▶ Task goal
All of the entries are to be repeated exactly, with no pictures included.

>>>>

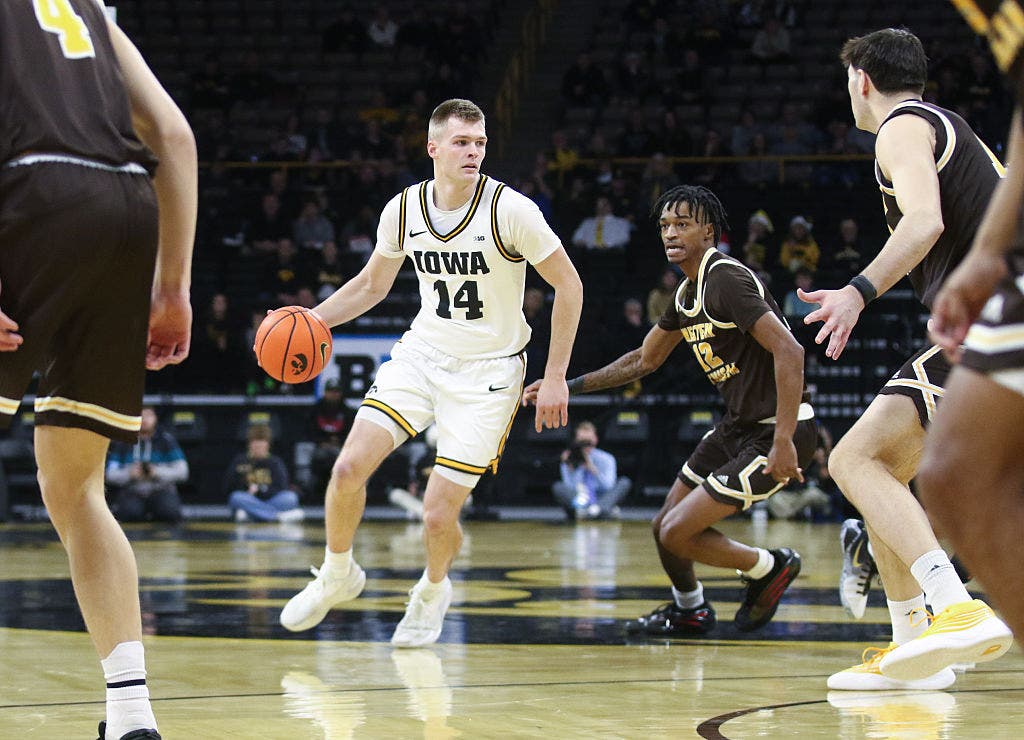 Iowa guard Bennett Stirtz goes to the basket against Jayden Brewer of the Western Michigan Broncos. (Photo by Matthew Holst/Getty Images)
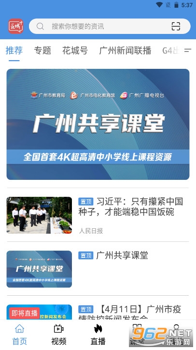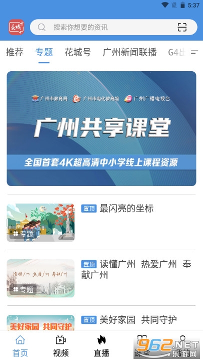 目前“广州共享课程”主要的几种线上学习方式中包括有花城+app的使用,当用户需要使用到其中的共享课程功能时,只需要在主界面找到其所在位置即可,非常的方便。
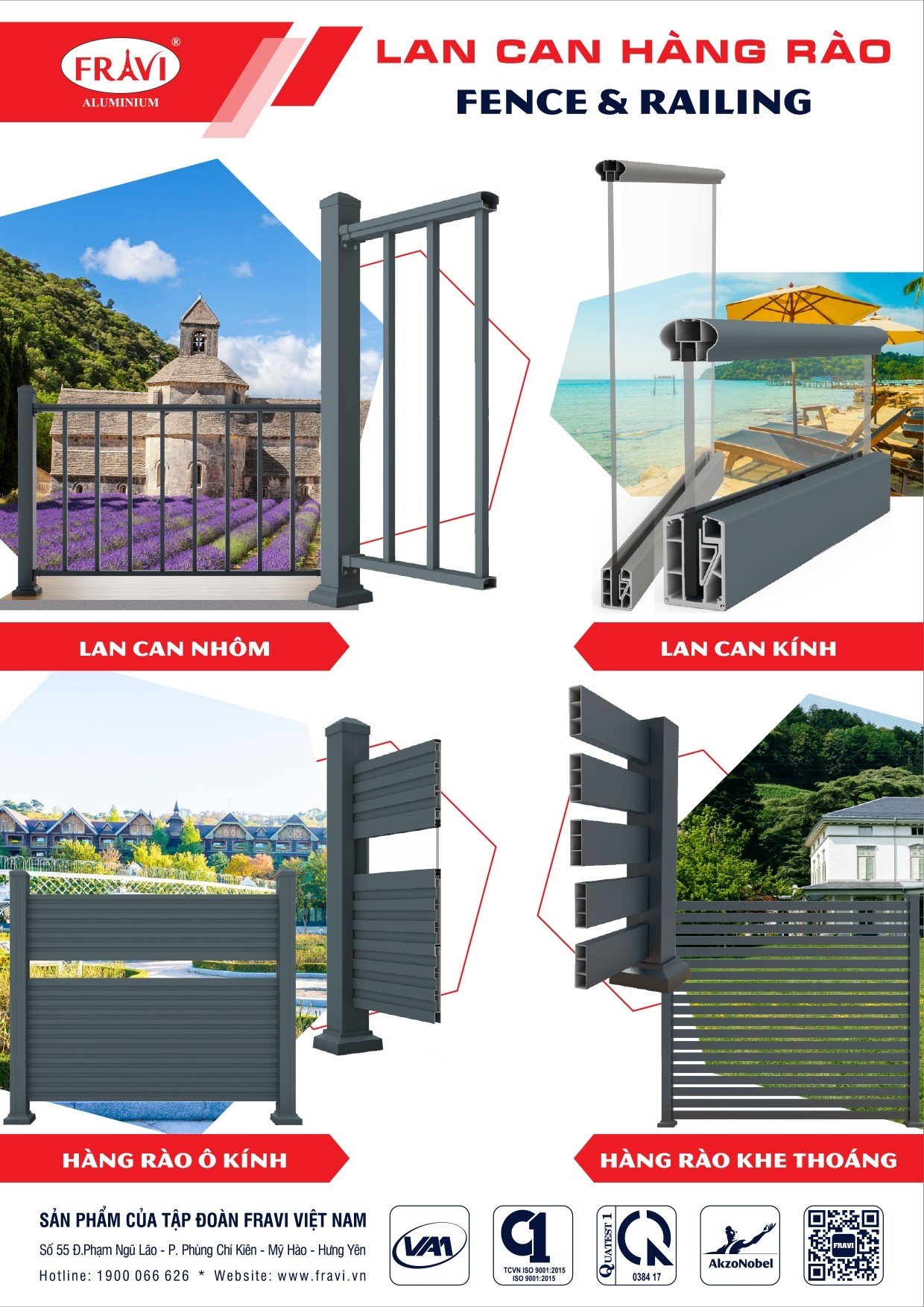 Fence and Railing FRAVI Deco 2023 là dòng sản phẩm lan can, hàng rào nhôm mới nhất năm 2023 do Fravi Việt Nam nghiên cứu và phát triển với độ bền cực kỳ cao, rất chắc chắn, chống chịu được mọi điều kiện khắc nghiệt của thời tiết, thân thiện với môi trường.
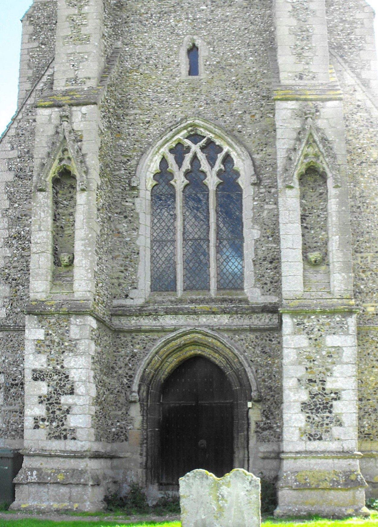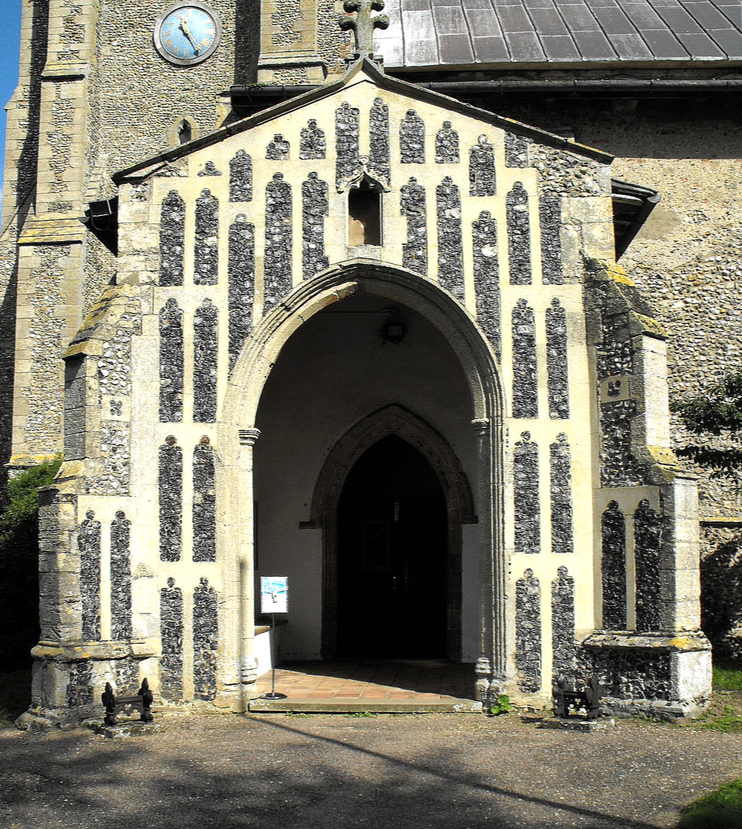 The S. porch, which according to Pevsner was reconstructed from the old materials in 1840 (The Buildings of England: Northwest and South Norfolk, New Haven & London, Yale University Press, 2002, p. 319) has side windows composed of two flattened trefoiled lights and just a modicum of tracery. The outer doorway carries a flat chamfer on the inner order, above semicircular shafts with octagonal capitals, and the outer order bears a little roll and a wave which continue uninterrupted all the way round. There is a small ogee-pointed trefoil-cusped niche above, but the principal decorative feature here is the flint flushwork covering buttresses and east and south walls (though not the west wall), comprising four tiers of trefoil-cusped blank arcading, which steps up over the doorway. (Seen the photograph above left.) Inside, the porch has a low-pitched couple roof and an inner doorway with a worn inner moulding that may once have represented a trail of vine leaves and which suggest this doorway was exposed to the elements for many years before the porch was added.
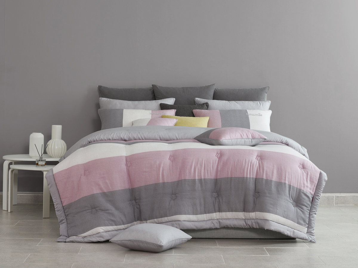 모던한 텍스처와 화사한 핑크, 차분한 그레이 컬러를 이용하여 스트라이프로 표현한 패턴으로
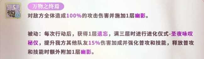 群体技万物之终焉将【幽影】的压制力扩散至全场,同时激活被动遗忘一个与【幽影】镜像共生的状态:前者侵蚀敌人,后者庇护己方。它不仅能清除异常,更在关键时刻成为净化链的核心节点,尤其与【清心印记】搭配时,异常驱散效率跃升至战术级水准。
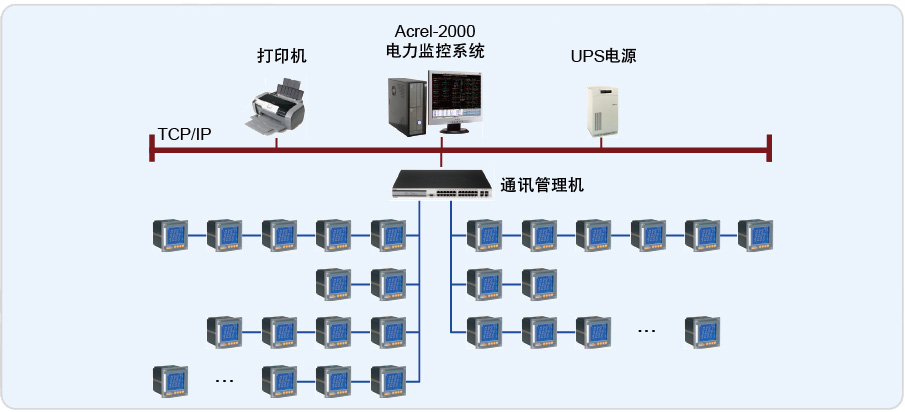 采用Acrel-3000電能管理系統(tǒng)實現(xiàn)遠程電參量(電流,電壓,功率,功率因素等)實時監(jiān)測與分類電能計量。以現(xiàn)場測得的最大需量(MD)與系統(tǒng)預先設定的需量限定值進行比較,在超量時報警。監(jiān)控系統(tǒng)主要分為3層:站控管理層(工控機、打印機、UPS電源)、通訊管理層(4口通訊管理機)、現(xiàn)場設備層(現(xiàn)場智能裝置)?,F(xiàn)場中的IO設備的通訊線纜采用RVSP 2*1.5屏蔽雙絞線,連接至4口通訊管理機。選配ACR220EL/K的多功能儀表,具有 LCD液晶屏顯示,可監(jiān)測三相電流、三相電壓、電網(wǎng)頻率、三相(有功功 率、無功功率、功率因數(shù))、三相有功電能、三相無功電能6項測量參數(shù)。

<<<<

▶ Task output
 Iowa guard Bennett Stirtz goes to the basket against Jayden Brewer of the Western Michigan Broncos. (Photo by Matthew Holst/Getty Images)
 目前“广州共享课程”主要的几种线上学习方式中包括有花城+app的使用,当用户需要使用到其中的共享课程功能时,只需要在主界面找到其所在位置即可,非常的方便。
 Fence and Railing FRAVI Deco 2023 là dòng sản phẩm lan can, hàng rào nhôm mới nhất năm 2023 do Fravi Việt Nam nghiên cứu và phát triển với độ bền cực kỳ cao, rất chắc chắn, chống chịu được mọi điều kiện khắc nghiệt của thời tiết, thân thiện với môi trường.
 The S. porch, which according to Pevsner was reconstructed from the old materials in 1840 (The Buildings of England: Northwest and South Norfolk, New Haven & London, Yale University Press, 2002, p. 319) has side windows composed of two flattened trefoiled lights and just a modicum of tracery. The outer doorway carries a flat chamfer on the inner order, above semicircular shafts with octagonal capitals, and the outer order bears a little roll and a wave which continue uninterrupted all the way round. There is a small ogee-pointed trefoil-cusped niche above, but the principal decorative feature here is the flint flushwork covering buttresses and east and south walls (though not the west wall), comprising four tiers of trefoil-cusped blank arcading, which steps up over the doorway. (Seen the photograph above left.) Inside, the porch has a low-pitched couple roof and an inner doorway with a worn inner moulding that may once have represented a trail of vine leaves and which suggest this doorway was exposed to the elements for many years before the porch was added.
 모던한 텍스처와 화사한 핑크, 차분한 그레이 컬러를 이용하여 스트라이프로 표현한 패턴으로
 群体技万物之终焉将【幽影】的压制力扩散至全场,同时激活被动遗忘一个与【幽影】镜像共生的状态:前者侵蚀敌人,后者庇护己方。它不仅能清除异常,更在关键时刻成为净化链的核心节点,尤其与【清心印记】搭配时,异常驱散效率跃升至战术级水准。
 采用Acrel-3000電能管理系統(tǒng)實現(xiàn)遠程電參量(電流,電壓,功率,功率因素等)實時監(jiān)測與分類電能計量。以現(xiàn)場測得的最大需量(MD)與系統(tǒng)預先設定的需量限定值進行比較,在超量時報警。監(jiān)控系統(tǒng)主要分為3層:站控管理層(工控機、打印機、UPS電源)、通訊管理層(4口通訊管理機)、現(xiàn)場設備層(現(xiàn)場智能裝置)?,F(xiàn)場中的IO設備的通訊線纜采用RVSP 2*1.5屏蔽雙絞線,連接至4口通訊管理機。選配ACR220EL/K的多功能儀表,具有 LCD液晶屏顯示,可監(jiān)測三相電流、三相電壓、電網(wǎng)頻率、三相(有功功 率、無功功率、功率因數(shù))、三相有功電能、三相無功電能6項測量參數(shù)。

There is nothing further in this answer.